The parent of Regency Technologies is consolidating two northern Ohio facilities into a massive new location that’s under construction near Cleveland.

The facility will be sited in Stow, Ohio and will be used by Regency parent company Reserve Management Group (RMG) for a variety of scrap operations. It will total 500,000 square feet in warehouse space alone.

In addition to Regency, RMG owns a handful of companies that focus on ferrous and non-ferrous scrap as well as auto shredder residue.

In an interview, Regency CEO Jim Levine estimated that at least half of the space in the new site would be dedicated to processing electronics, though he noted that is a preliminary figure.

“The electronic recycling, asset recovery business is continuing to grow and we just feel we need to be in a position to handle more of that growth,” Levine said.

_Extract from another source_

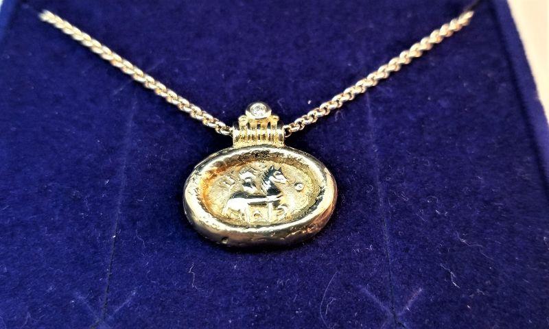 Chain can be set at 18" or 20" long. Sterling silver, set with an accent CZ, by Seiden Gang - known for turning ancient images into modern art. Etruscan style design featuring a rider on horseback.

The company is moving into a commercial space that has been empty since 2014, according to Stow city documents. It was formerly used by a manufacturer of pressure-sensitive materials and other products. According to the city, the project will involve RMG investing at least $20 million, a figure Levine confirmed as being fairly accurate.

“It’s a major project, for sure,” he said.

The city approved an income tax sharing grant agreement with RMG to provide assistance with its relocation and consolidation of facilities into the vacant manufacturing plant, according to the city. RMG is also completing construction work to ready the site for its purposes. The city noted the facility “requires significant building upgrades” to be used for manufacturing again.

With the move and consolidation comes opportunity for expansion as well. According to the city, RMG employs 350 employees between its two existing Cleveland-area facilities, which have a combined area of 250,000 square feet. The employment level will remain the same for the first year at the new site, but is planned to grow to 400 employees for the second year and 450 during the third year.

Levine said the company is also looking to grow its service capacity as well.

“We’ll be looking to expand our technology sector there significantly,” Levine said, “as well as downstream recycling capacity.”

He added it’s too early to say how much the capacity will expand with the new plant. He said more information about capacity will be known in a month or so.

Levine said site upgrades began a few months ago, and the work is focused on getting the building basics taken care of. He said a target date has not been set, but the facility is planned to open during 2018.

Some of the RMG subsidiaries could move in earlier than others, he added.